Adopt the pace of nature: her secret is patience. - Ralph Waldo Emerson
Walking into the yoga studio at the Tahoe Yoga and Wellness Center is like walking into a room full of calm. The empty room feels slightly warm with leftover energy from the previous class. Bare feet connect softly with the smoothness of the bamboo floor, and yoga mats are quietly rolled out toward the center of the room. This is my favorite part of cross training, and an essential part of my taper. My yin yoga practice is the savasana (final meditation pose) to my season of training.
In Monday’s class I was struck by a number of comments from the instructor. These are the same remarks, more or less, that he makes in every class, but this time they seemed to me to hold a sharp relevance to the act of running a hundred miles.
In yin practice, the postures are very passive and held for several minutes at a time. Thus, it takes special effort to contain the mind, to keep it from wandering, to stay present. My teacher spoke of the freedom of presence. It struck me as odd at first that something so challenging—staying present—could hold freedom, until I realized that staying present simply means letting go of everything else—all the other cares, worries and responsibilities that are outside the current moment.
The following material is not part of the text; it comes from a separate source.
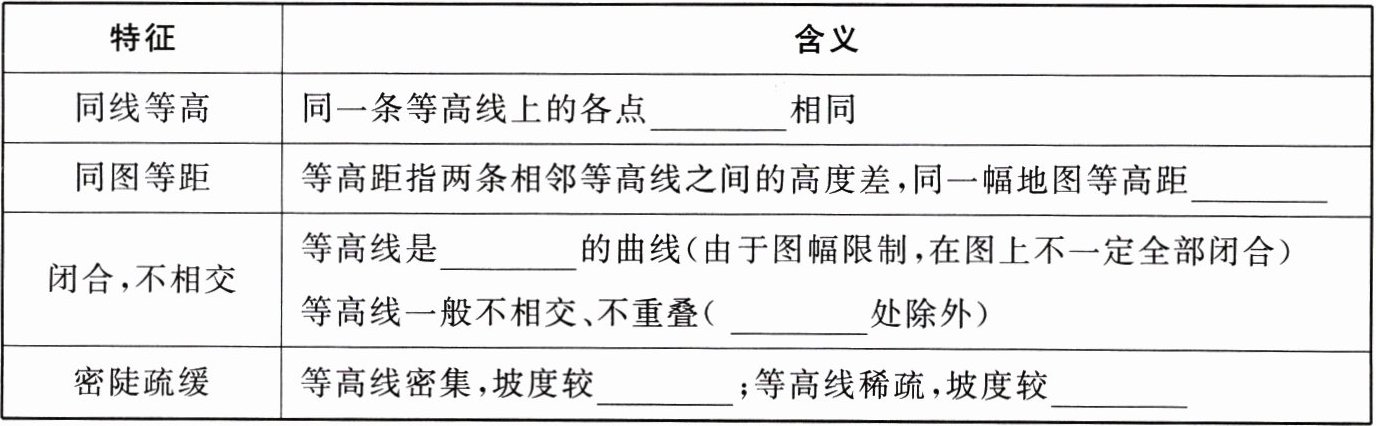 |闭合,不相交|等高线是 的曲线(由于图幅限制,在图上不一定全部闭合)等高线一般不相交、不重叠( 处除外)|

That freedom was something I also found in the last, painful miles of my previous 100 mile run at TRT. It was a fearful way to discover how to appreciate the moment, which I’m certain is what made it so rewarding.
He also spoke of having acceptance, no judgment, and of simply acknowledging what is there and allowing it to be. These may not sound like important ideas for running, but I think they are critical to dealing with things like pain and fear—things I’m certain to encounter when running a hundred miles.
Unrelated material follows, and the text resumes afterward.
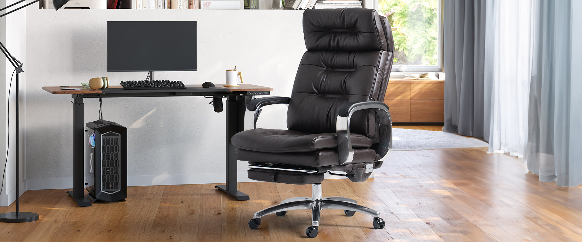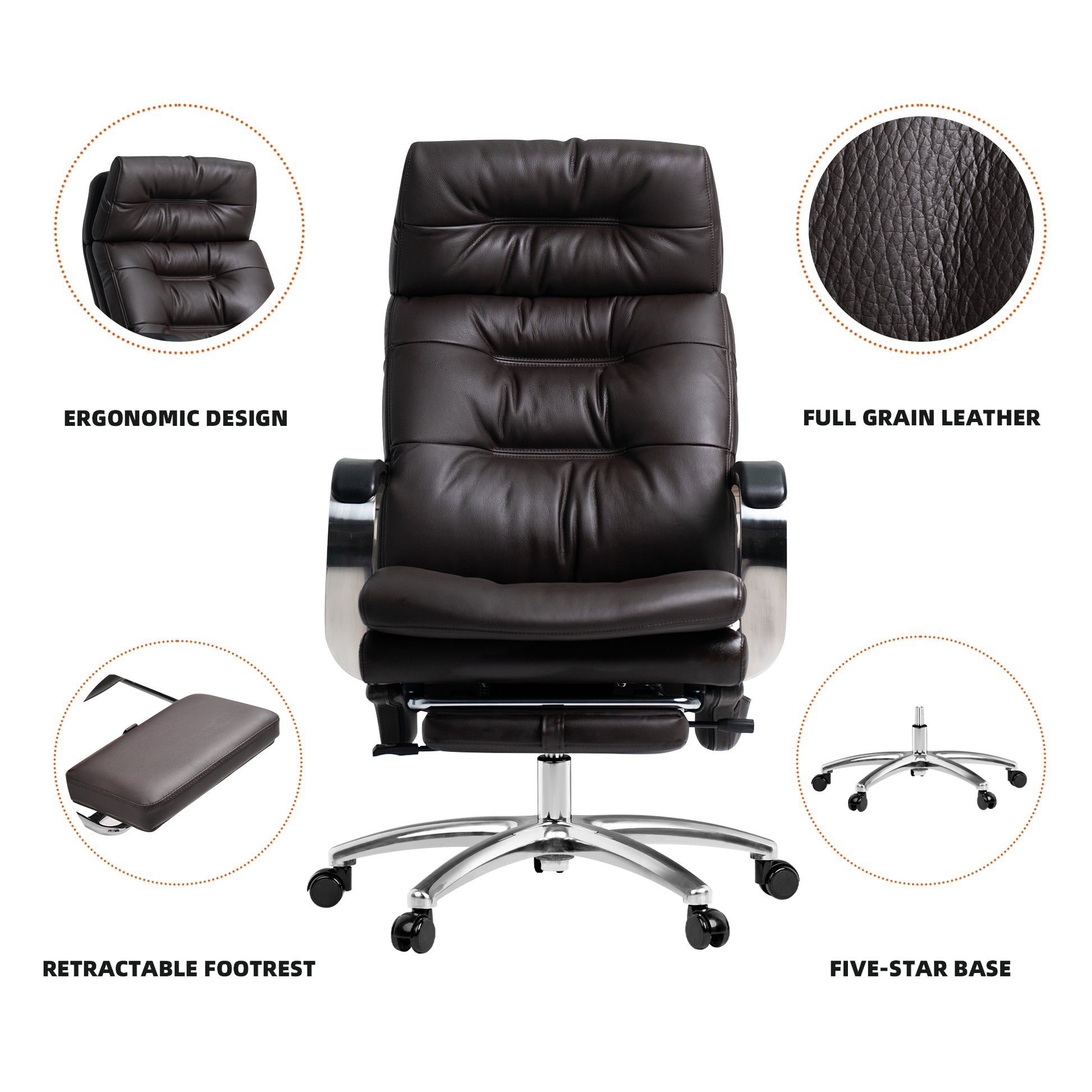 Le support lombaire double couche et le repose-pieds rétractable prennent bien soin de votre dos, de vos lombaires et de vos épaules. Le dossier de conception ergonomique s'adapte parfaitement au bas de votre dos, vous offrant un maximum de confort et de soutien. La base robuste 5 étoiles offre une stabilité et une résistance exceptionnelles.

Last month, when I came crashing down on my ankle and everything else subsequently crashed down around me, I spent the long limp home doing some serious thinking. I thought about what was really important in my life, and asked myself what were the things I wanted most desperately. It turned out, running a bad-ass 100-miler wasn’t even on the list. It was a good dose of healthy perspective.
Sometimes though, it feels like the only thought on my brain for the past six months has been what will happen this Saturday. I realize this is in large part because it is much easier for me to focus my thoughts and actions on an attainable goal rather than on the more difficult questions of life.
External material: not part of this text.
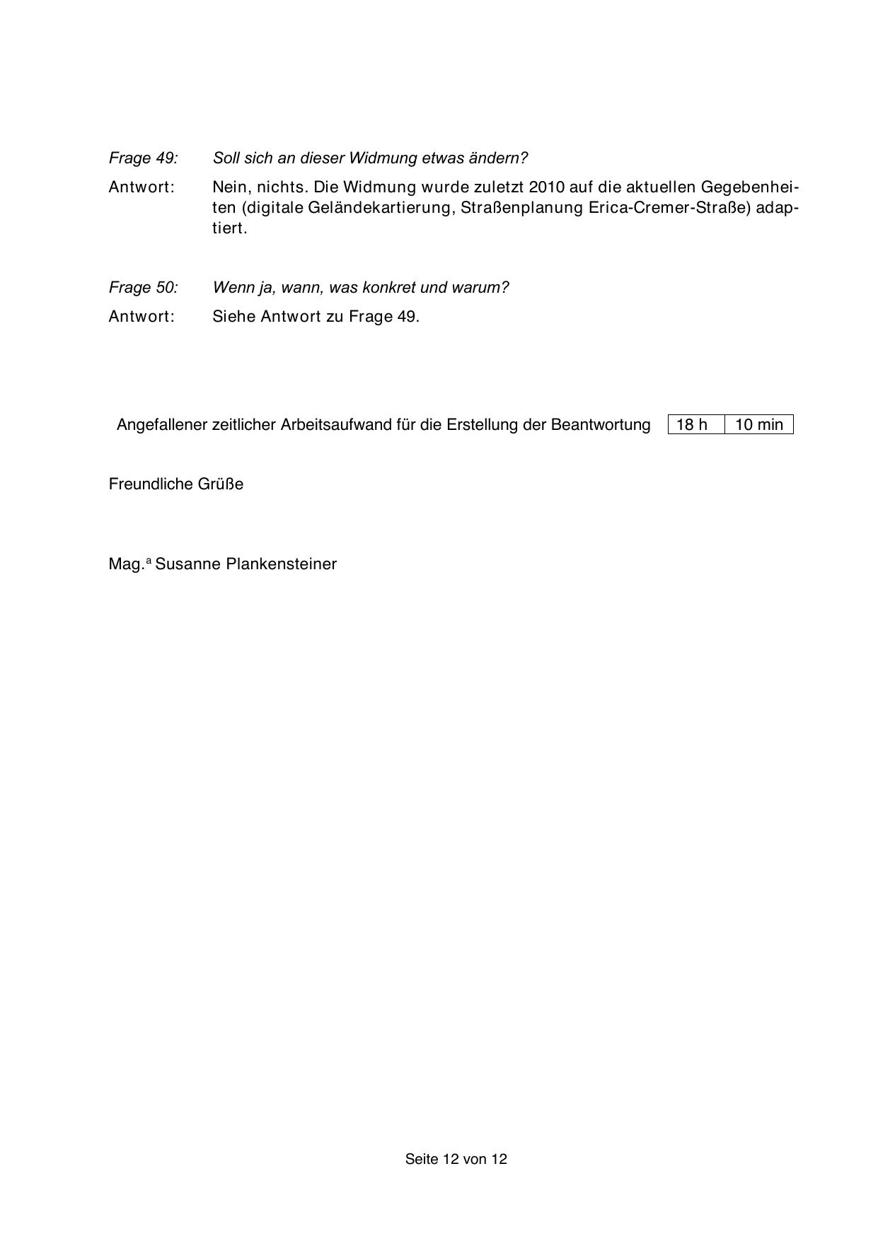 Angefallener zeitlicher Arbeitsaufwand für die Erstellung der Beantwortung

So, as Saturday approaches, I am still asking myself what I want out of this experience. Why am I going to this race? Is it for a challenge? A sense of accomplishment? Always, I hold this sense within me of needing, wanting, pushing for something more. Something. Sometimes I think I know what that something is, and other times that’s the whole point—to figure it out. At least running is one something that I know how to do.
I’d like to take some lessons from the past year and focus a little less on the concrete goals contained in numbers—numbers that tell time, splits, pace, place. Numbers that tell good or bad. I’d like to focus a little more on the abstract this time around. I’d like to be present, without judgment or expectations. I’d like to accept my best effort for whatever it is. I’d like to experience the freedom of letting go of everything but the run itself. I’d like to channel the calmness of the yoga studio, to bring that meditative state to the trail and balance out the excessive motion of running—the perfect harmony of yin and yang.